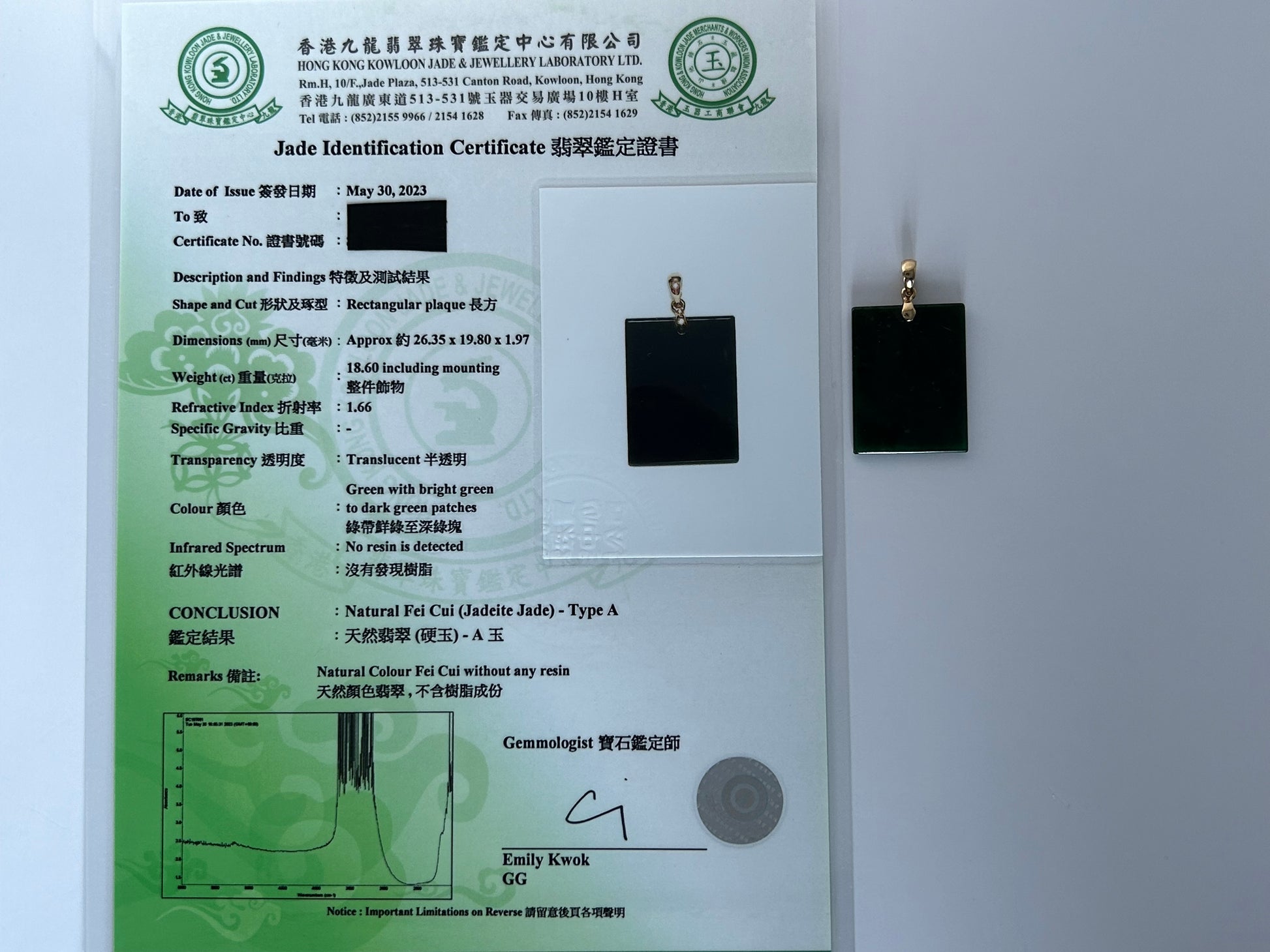 Grade A Natural Highly Icy Dark Green Rectangle 18K yellow gold bails Pendant
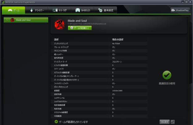 2014/08/24(追記)NVIDIA GeForce Experienceでゲームの最適化
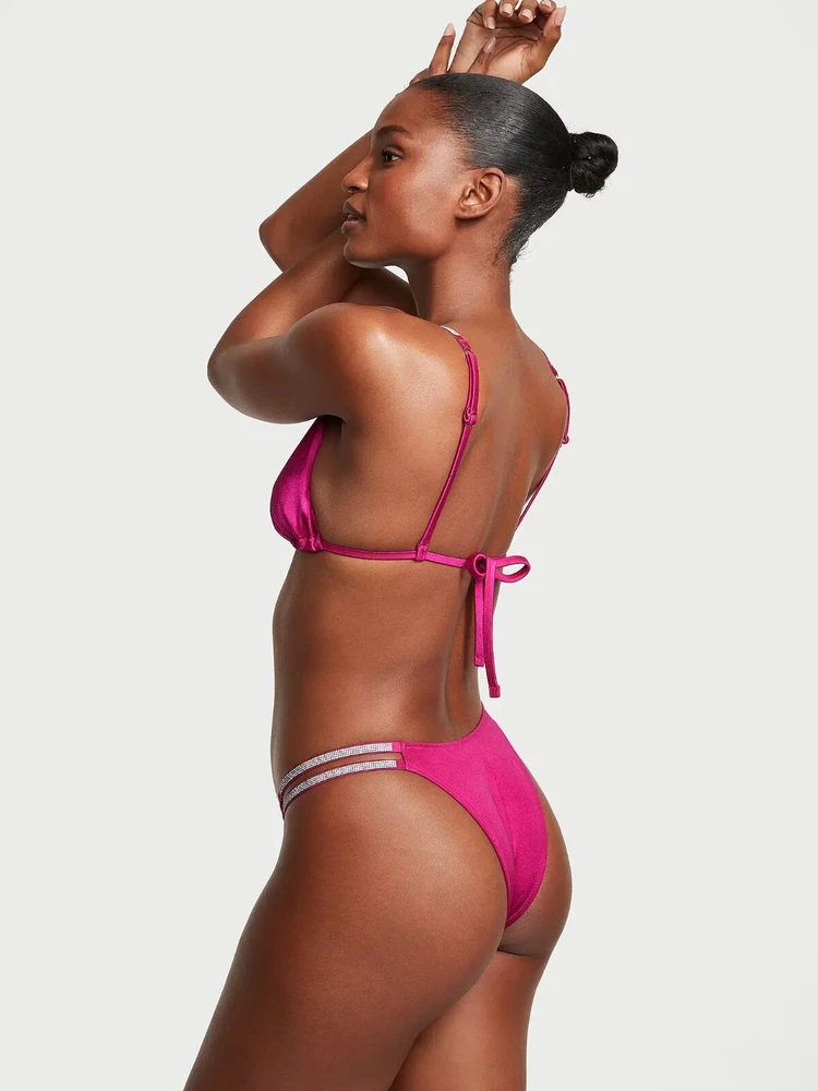 Victoria's Secret Swim Double Shine Strap Brazilian Bottom Berry Blush Infused with plenty of glam, this pair dazzles with skinny, double shine straps that glitter in the sun. *BRAZILIAN BIKINI BOTTOM ONLY* This is not a set. Low rise High-cut leg Double rhinestone straps Minimal back coverage: lots of cheek peek Hand wash Sizes: S, L
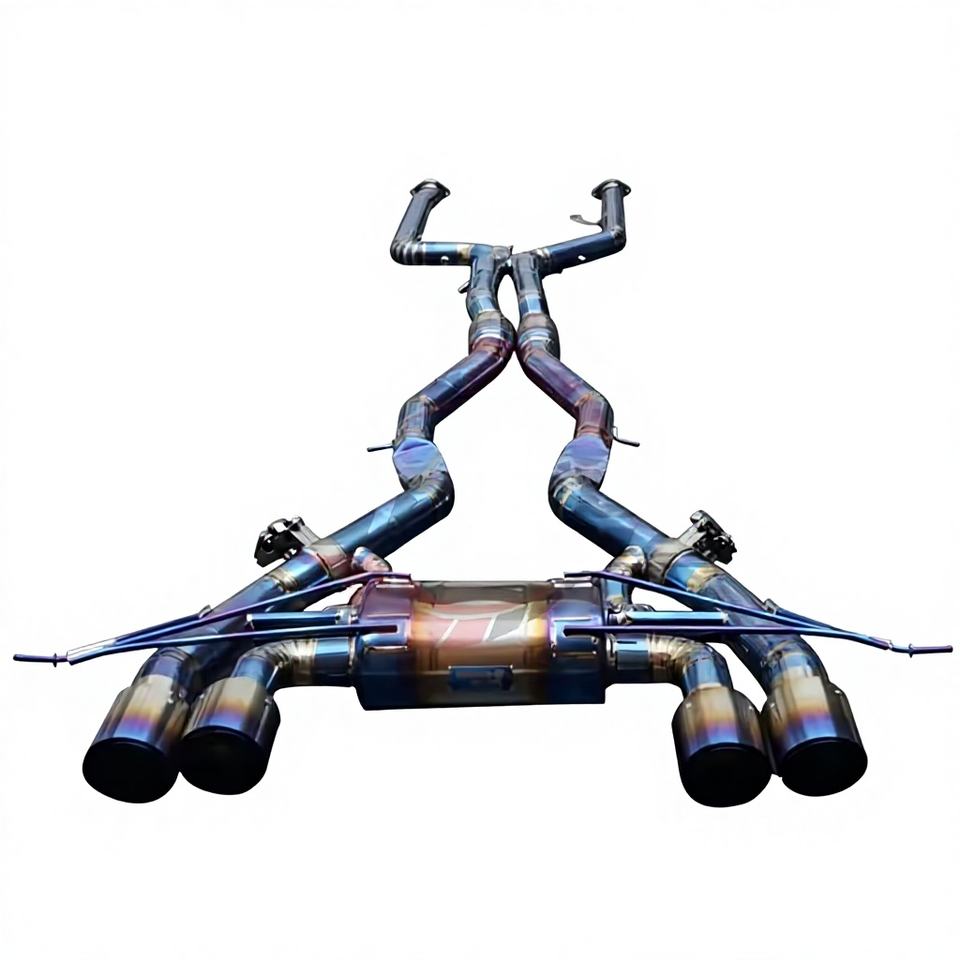 Sistema de Escape Catback Vortex Blue Titanium para BMW G80 G82 M3 M4 S58 con Sistema Valvetronic y Puntas Cuádruples Azules Quemadas de Alto Rendimiento
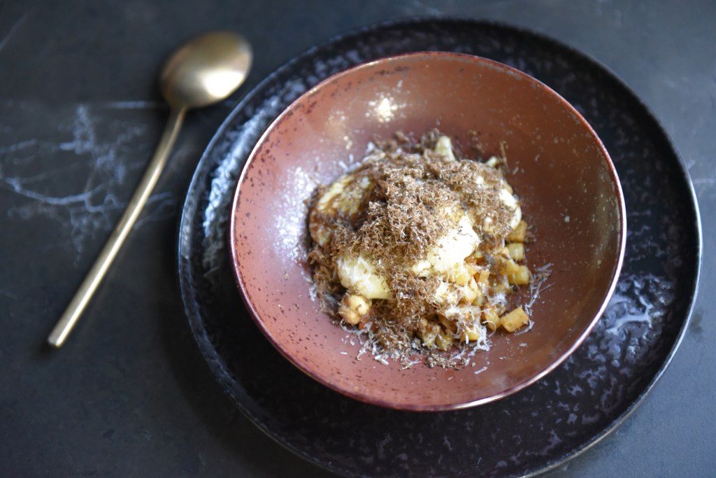 Op de valreep van 2019 een eenvoudig, maar superheerlijk gerechtje van chef Alex Clevers (Vivendum*, Dilsen-Stokkem) dat ook perfect overeind blijft zonder truffel. Alhoewel, vanaf nu is het volop het seizoen van de zwarte truffel ofte de tuber melanosporum, dus waarom even niet uit de bol gaan, veel heb je er niet van nodig voor een smaakexplosie.

------------

Copy out each record shown above without alteration, skipping any picture.

### Reply to the task
 Grade A Natural Highly Icy Dark Green Rectangle 18K yellow gold bails Pendant
 2014/08/24(追記)NVIDIA GeForce Experienceでゲームの最適化
 Victoria's Secret Swim Double Shine Strap Brazilian Bottom Berry Blush Infused with plenty of glam, this pair dazzles with skinny, double shine straps that glitter in the sun. *BRAZILIAN BIKINI BOTTOM ONLY* This is not a set. Low rise High-cut leg Double rhinestone straps Minimal back coverage: lots of cheek peek Hand wash Sizes: S, L
 Sistema de Escape Catback Vortex Blue Titanium para BMW G80 G82 M3 M4 S58 con Sistema Valvetronic y Puntas Cuádruples Azules Quemadas de Alto Rendimiento
 Op de valreep van 2019 een eenvoudig, maar superheerlijk gerechtje van chef Alex Clevers (Vivendum*, Dilsen-Stokkem) dat ook perfect overeind blijft zonder truffel. Alhoewel, vanaf nu is het volop het seizoen van de zwarte truffel ofte de tuber melanosporum, dus waarom even niet uit de bol gaan, veel heb je er niet van nodig voor een smaakexplosie.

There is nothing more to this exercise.